Gross margins were 45.7% in the thirty-nine weeks ended September 27, 2008 compared with 46.5% in the same period of 2007. Gross margins were 43.5% for the thirteen weeks ended September 27, 2008 compared with 49.5% for the same period of 2007. The decline in gross margin percentage in the 2008 periods as compared to the same periods of 2007 is primarily due to both a reduction during 2008 in project revenues on higher margin fixed price projects and the related impact on consultant utilization as a result of such project reductions.

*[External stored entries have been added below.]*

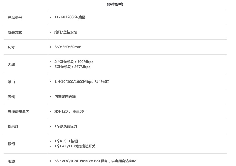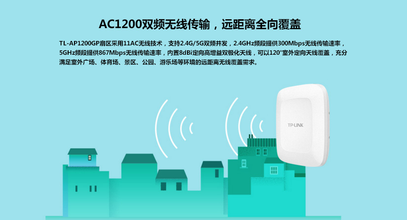 商品名称:TP-LINK TL-AP1200GP扇区 双频室外无线AP基站大功率定向wifi覆盖
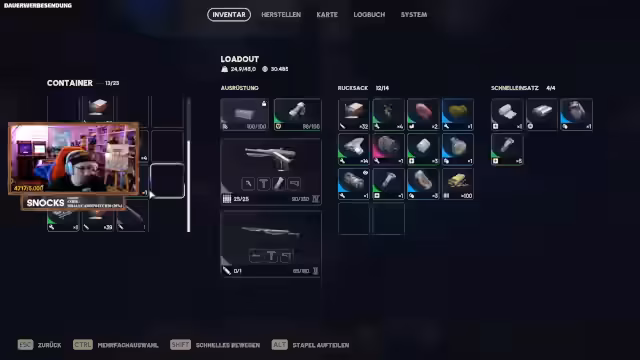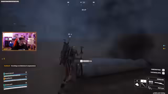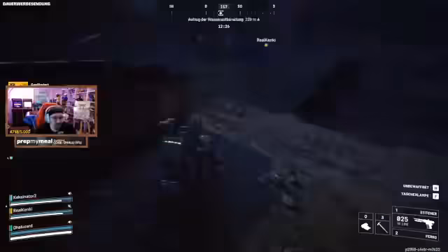 01:32:58Die Spieler kümmern sich um ihr Inventar und bereiten sich auf die nächste Mission vor. Ein Spieler überlegt, ob er seine 'Kettel 3' auf Stufe 4 aufrüsten soll, was sich lohnen könnte, je nach 'Fightback'. Es wird besprochen, welche Gegenstände im Koffer verstaut werden sollen, wobei eine 'Jupiter' für einen Spieler priorisiert wird. Die Gruppe plant, Drohnen mit der 'Jupiter' zu bekämpfen oder sie mit 'Wolfpacks' zu zerstören, wobei die Effektivität der 'Wolfpacks' noch getestet werden muss. Das Lager eines Spielers ist voll, was auf eine Ansammlung von Waffenaufsätzen und anderen Gegenständen hindeutet. Es werden 'Prozessoren' gesammelt, um ein 'Tactical MK3' herzustellen, und Heilmittel sowie 'Energie Clips' werden mitgenommen. Die Spieler hoffen, in den kommenden Wochen höhere 'Abenteurer'-Ränge zu erreichen. Es wird über die Möglichkeit diskutiert, Punkte neu zu verteilen, was jedoch nicht sicher ist. Die Gruppe überlegt, ob sie einen großen Turm besteigen sollen, um eine bessere Übersicht zu erhalten, aber das Risiko, Spieler anzulocken, ist hoch. Die Spieler werfen 'Bullshit' (vermutlich eine Art Köder oder Ablenkung) und sammeln Punkte, wobei die Effektivität der 'Wolfpacks' im Vergleich zu früheren Wochen geringer ausfällt. Die Punkteskala scheint sich geändert zu haben, und die Spieler müssen ihre Strategie anpassen, um maximale Punkte zu erzielen.
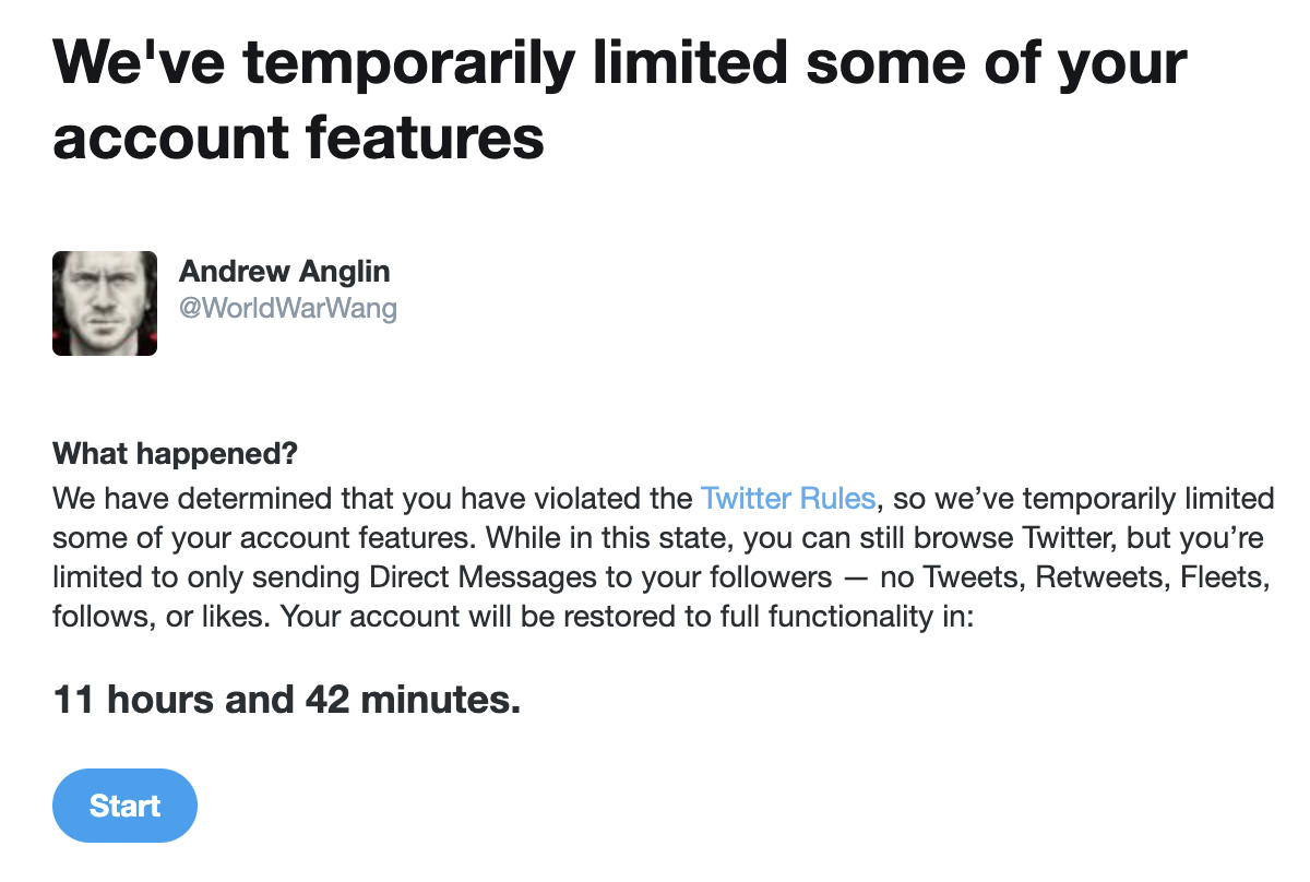 Frankly, there needs to be some kind of punishment for filing false reports. If that’s what’s going on here, it is the most clear-cut case ever, because no one has ever in history tweeted as carefully as I was tweeting.

We continue to evaluate the size of our employee consultant base and reduce the base as required to align to reduced revenue levels and a more challenging economic environment.
Sales and marketing expenses consist primarily of personnel salaries, bonuses, and related costs for direct client sales efforts and marketing staff. We primarily use a relationship sales model in which partners, principals and senior consultants generate revenues. In addition, sales and marketing expenses include costs associated with marketing collateral, product development, trade shows and advertising. General and administrative expenses consist mainly of costs for accounting, recruiting and staffing, information technology, personnel, insurance, rent, and outside professional services incurred in the normal course of business.
Management has focused on aligning operating costs with operating segment revenues. As a percentage of revenues, we have reduced selling, general and administrative expenses to 40.0% in the thirty-nine weeks ended September 27, 2008 from 44.6% in the same period of 2007. Selling general and administrative expenses in the 2008 period include a net increase of approximately $0.4 million in share-based compensation expenses due primarily to adjustments to our forfeiture assumptions in the first quarter of 2007 that resulted in a reduction in expense in the 2007 period. We continue to leverage integration of our recent acquisitions and evaluate selling, general and administrative expense reduction opportunities to improve earnings.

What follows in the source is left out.